**EXTRACTED ENTRIES:**
------------

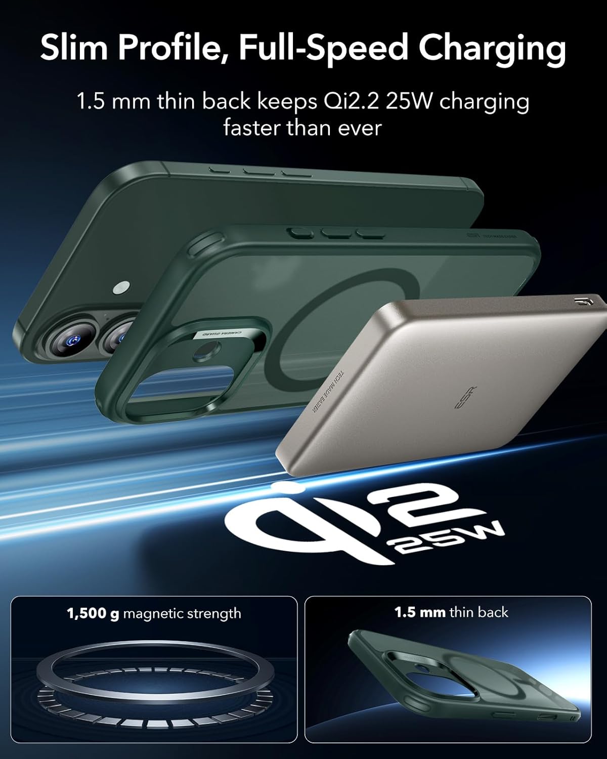 • Магнитна сила от 1500 g - ултрастабилни: Нашите специални магнити с водеща в индустрията сила на задържане от 1500 g закрепват аксесоарите MagSafe за мобилен телефон iPhone 17 дори по време на дейности на открито - независимо дали става въпрос за бягане по пътеки, стълбове и камъни или за неравни пътища. Магнитният композит е толкова стабилен, че зарядните устройства, дръжките или държачите не се плъзгат дори при най-силните удари, като същевременно позволяват лесно отстраняване с лек натиск.
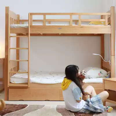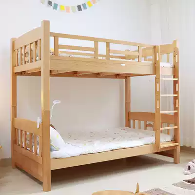 Full solid wood same width bed Beech upper and lower bed Double high and low bed same width 1 5 meters 1 2 meters 1 meter Space-saving customization
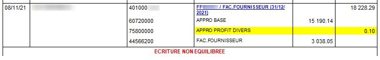 Ecriture non équilibrée (perte ou profit) dans un journal
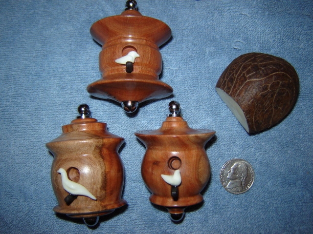 The ornaments are made from Coolibah that comes from Australia, Shannon made all the ornaments and she hand carved the birds from Tagua nut. There is no way I could ever do anything thing that small with detail. We have always bought ornaments for the family each year, this year we made them. Shannon also used a wood burner to add our T,S - logo and 2007 on the bottoms of each one.
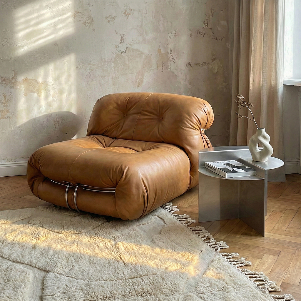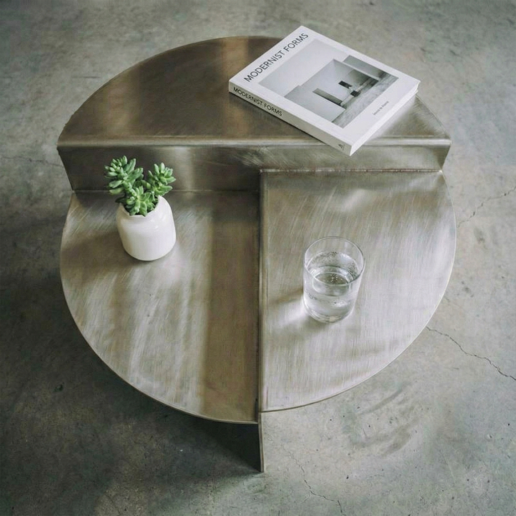 The Crucible Table features a split-circle silhouette formed from brushed steel, balancing soft geometry with architectural precision. Its stepped surface and matte finish create a sculptural presence that feels minimal, grounded, and deliberate.
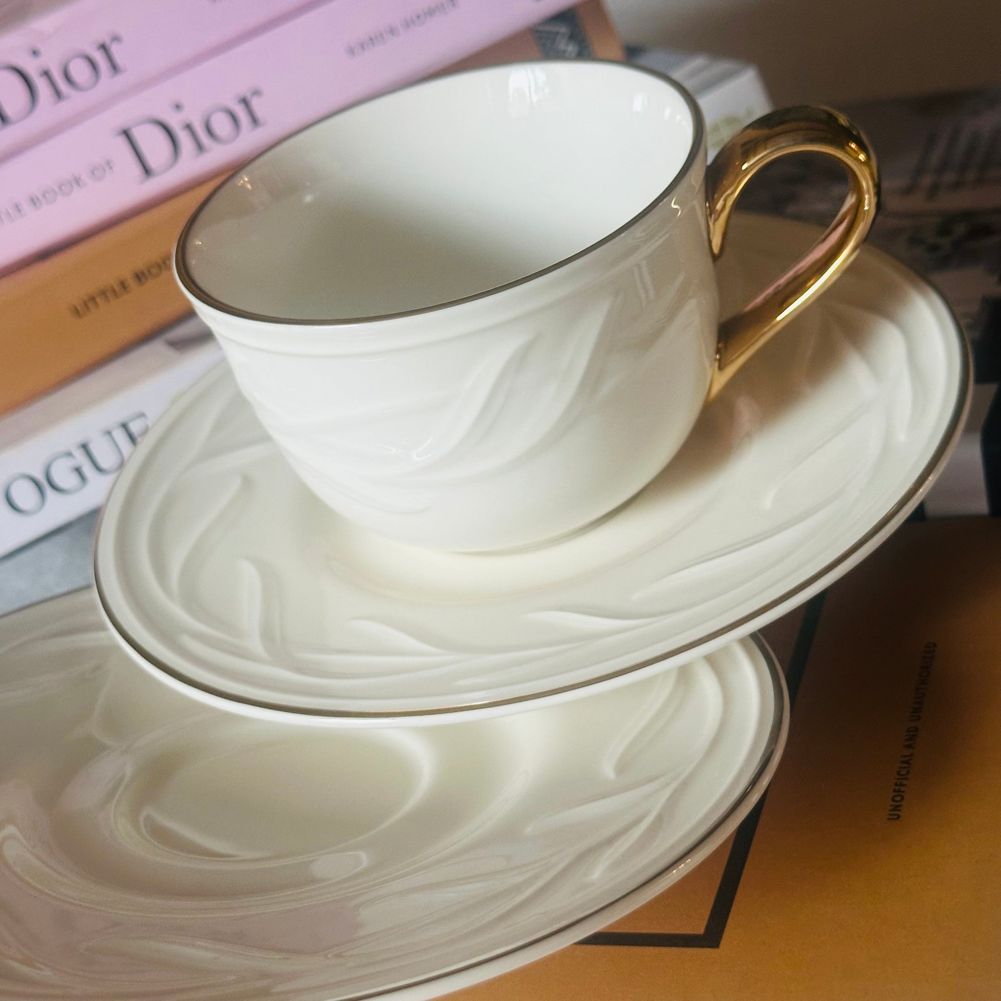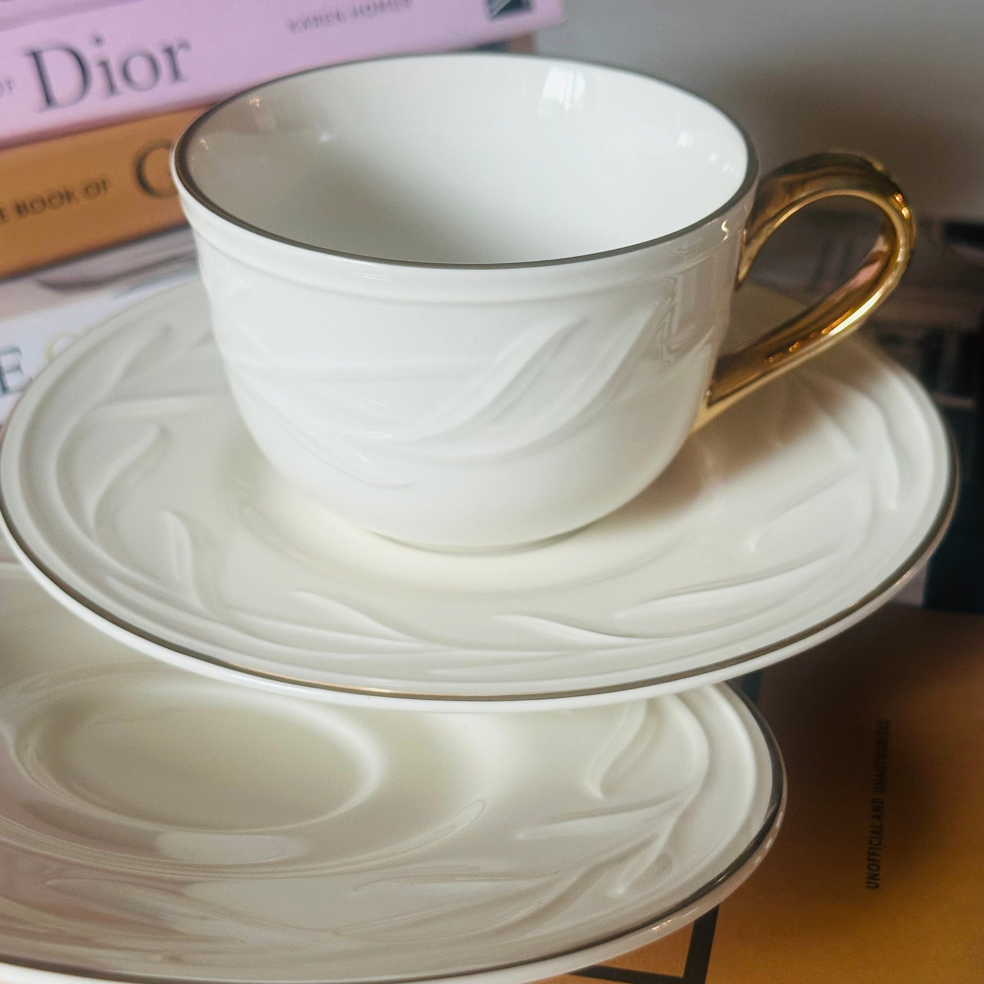 Leaf White Tea Cups (Set Of Six Tea Cups & Saucers)
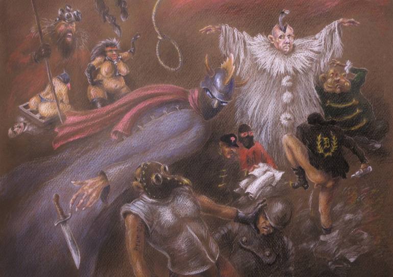 A surreal scene depicts various fantastical characters in dramatic poses, including figures with masks and elaborate costumes. Unsavory characters dance in bacchanalia, threatening to draw viewers into their feverish dance.

------------

**PROBLEM REQUIREMENTS:** Could you please repeat the entries above exactly, with every picture left out?

**SOLVED EXERCISE:**
 • Магнитна сила от 1500 g - ултрастабилни: Нашите специални магнити с водеща в индустрията сила на задържане от 1500 g закрепват аксесоарите MagSafe за мобилен телефон iPhone 17 дори по време на дейности на открито - независимо дали става въпрос за бягане по пътеки, стълбове и камъни или за неравни пътища. Магнитният композит е толкова стабилен, че зарядните устройства, дръжките или държачите не се плъзгат дори при най-силните удари, като същевременно позволяват лесно отстраняване с лек натиск.
 Full solid wood same width bed Beech upper and lower bed Double high and low bed same width 1 5 meters 1 2 meters 1 meter Space-saving customization
 Ecriture non équilibrée (perte ou profit) dans un journal
 The ornaments are made from Coolibah that comes from Australia, Shannon made all the ornaments and she hand carved the birds from Tagua nut. There is no way I could ever do anything thing that small with detail. We have always bought ornaments for the family each year, this year we made them. Shannon also used a wood burner to add our T,S - logo and 2007 on the bottoms of each one.
 The Crucible Table features a split-circle silhouette formed from brushed steel, balancing soft geometry with architectural precision. Its stepped surface and matte finish create a sculptural presence that feels minimal, grounded, and deliberate.
 Leaf White Tea Cups (Set Of Six Tea Cups & Saucers)
 A surreal scene depicts various fantastical characters in dramatic poses, including figures with masks and elaborate costumes. Unsavory characters dance in bacchanalia, threatening to draw viewers into their feverish dance.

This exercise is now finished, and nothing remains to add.